L'installation d'un radar très puissant à Orly constitue une étape importante et nécessaire pour le développement économique de l'agglomération parisienne. Le radar doit permettre de sécuriser le trafic aérien. Pour expliquer les changements induits par cette technique, le réalisateur opte pour une mise en scène classique pour l'époque. Il présente dans un premier temps les techniciens au travail. Il s'agit alors de mettre en spectacle la technique, de la rendre vivante et efficace. Dans un second temps, les interventions d'un administrateur et d'un ingénieur mettent en perspective la mise en oeuvre du Radar grâce à un exposé didactique.

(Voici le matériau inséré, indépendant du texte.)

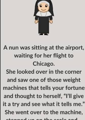 While waiting for her flight to the major city of Chicago, the nun sat in a busy terminal surrounded by the constant movement of passengers. Her attention drifted toward an old-style, coin-operated device—one of those vintage machines that not only gave a person’s weight but also dispensed a printed fortune.
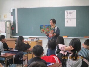 今日も読み聞かせをしてくださいました。写真は3,4,5年生の教室です。(1年生は写真を撮りそびれました・・・)
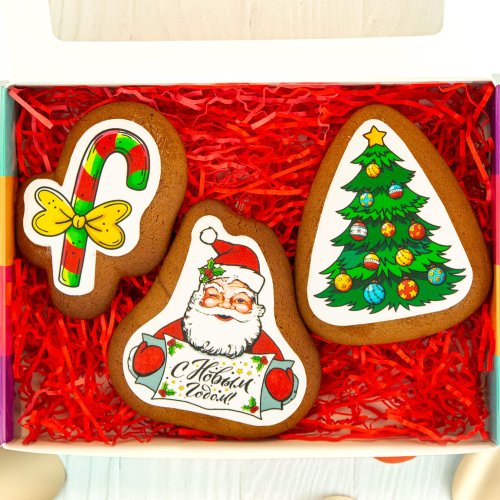 Имбирное печенье - традиционный подарок на Новый год. У нас вы можете купить недорогой набор из 3 пряников, чтобы поздравить ваших близких.
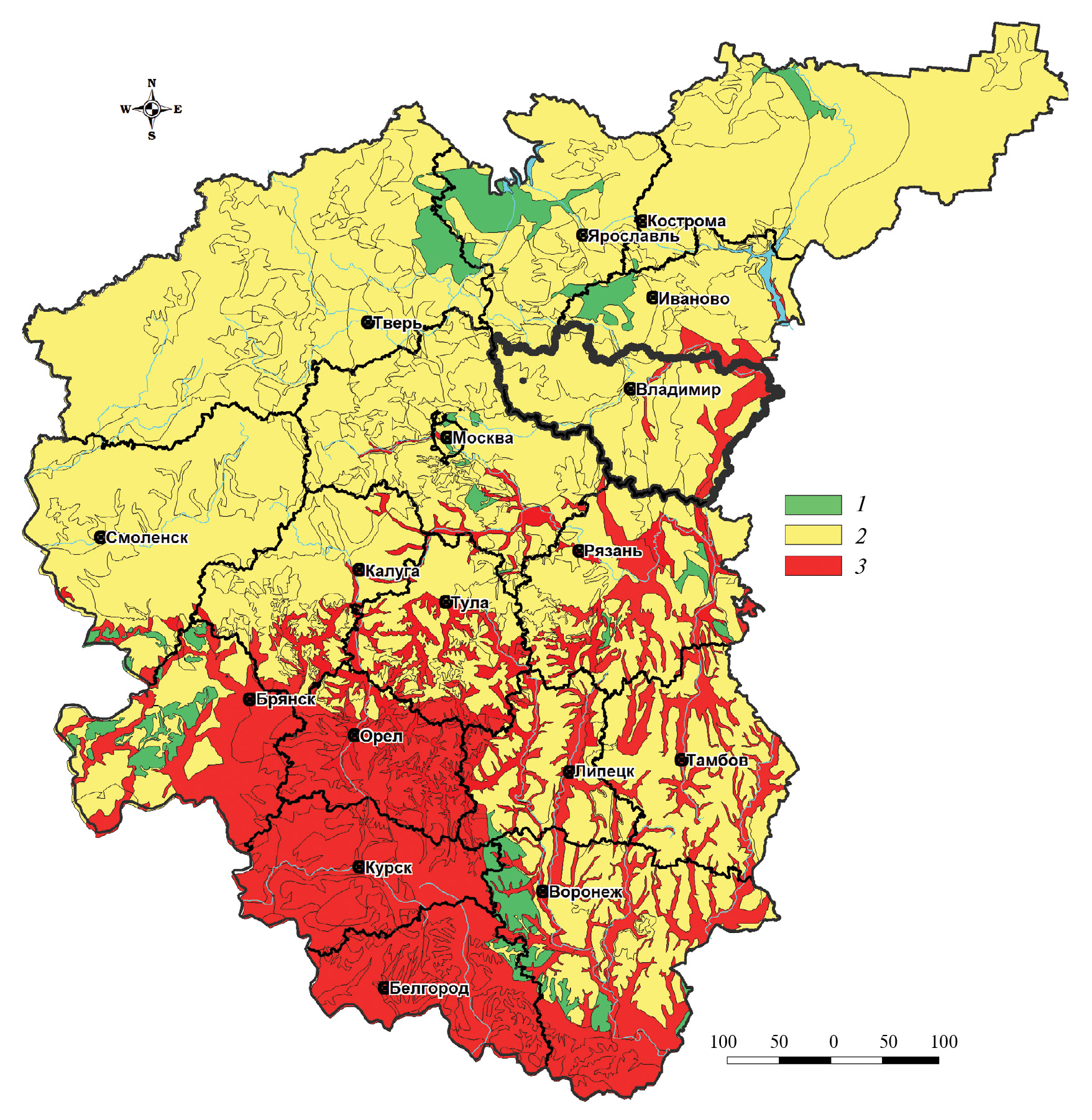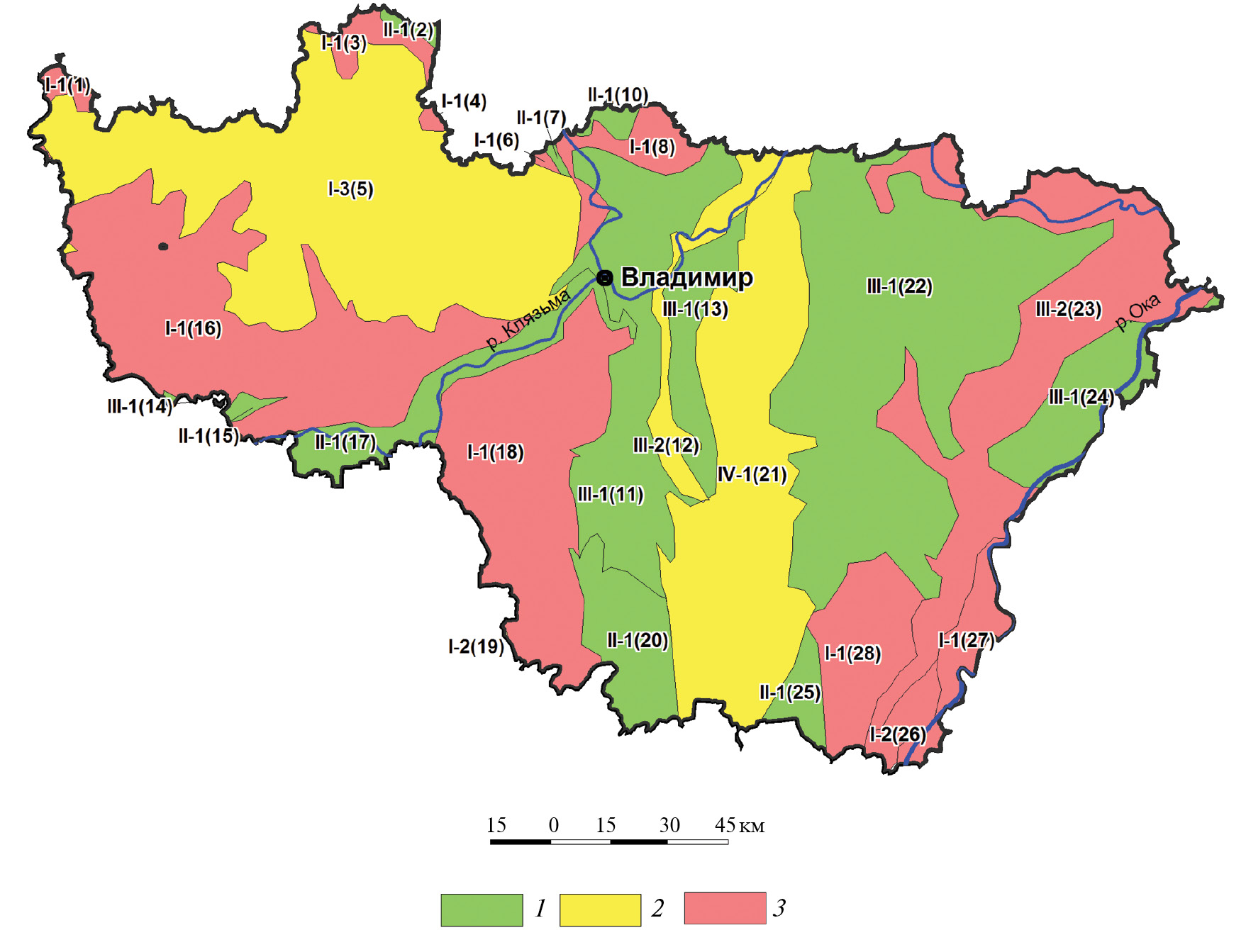 Рис. 1. Положение Владимирской обл. на генерализованной карте мелкомасштабного районирования ЦФО для целей размещения полигонов ТБО. Условные обозначения: 1 — благоприятные, 2 — условно благоприятные, 3 — неблагоприятные.

L'interview se déroule dans la salle des machines. Ces dernières doivent en effet apparaître comme étant bien contrôlées par la volonté humaine, par un discours. Le reportage doit donc à la fois rassurer le télespectateur et souligner la valeur des installations techniques françaises.

Raphael Morera

Transcription

(Silence)
[Aiguilleurs du ciel]
Joseph Pasteur
Ce dialogue représente l'essentiel du travail du Centre de contrôle régional chargé principalement d'assurer la sécurité des vols dans les espaces aériens les plus fréquentés par les avions de transport, c'est-à-dire la région terminale de Paris et un certain nombre de voies aériennes qui rayonnent vers les destinations les plus fréquentées. Pour répondre aux besoins du Centre de contrôle régional, il fallait pouvoir identifier et suivre le trafic aérien à des distances plus grandes que par le passé et à des altitudes plus élevées en raison de la mise en service des nouveaux avions de transport à réaction qui croisent couramment entre 10 000 et 13 000 mètres. C'est pour répondre à ces besoins que l'administration française de l'aviation civile a demandé à la Compagnie CSF de réaliser l'équipement radar inauguré aujourd'hui.
Louis Paillasse
La caractéristique la plus remarquable de cet équipement réside certainement dans sa puissance. Puissance considérable puisque l'énergie mise en oeuvre à chaque impulsion, à chaque giclée, représente environ 4 mégawatts. Pour vous donner un chiffre qui représente une chose courante, disons que c'est à peu près de l'ordre de la puissance de la tractrice du mistral. Grâce à ce radar, les détections des distances de l'ordre de 300 kilomètres et 15 000 mètres d'altitude sont choses courantes et régulières. Et ainsi un avion décollant de Londres sera suivi à Paris jusqu'à Orly sans aucune difficulté. C'est ainsi que le Centre de contrôle régional pourra pratiquement contrôler, à l'aide de ce radar, la quasi totalité du trafic de la région d'information de vol de Paris. Et pour prendre un exemple, lorsque l'avion du Président Khrouchtchev arrivera en provenance de Moscou le 15 mars prochain, il viendra par les régions d'information de vol d'Amsterdam et de Bruxelles, et avant même qu'il soit transféré à notre centre de Paris par le Centre de contrôle régional de Bruxelles, nous aurons pu l'identifier sur l'écran du nouveau radar inauguré aujourd'hui.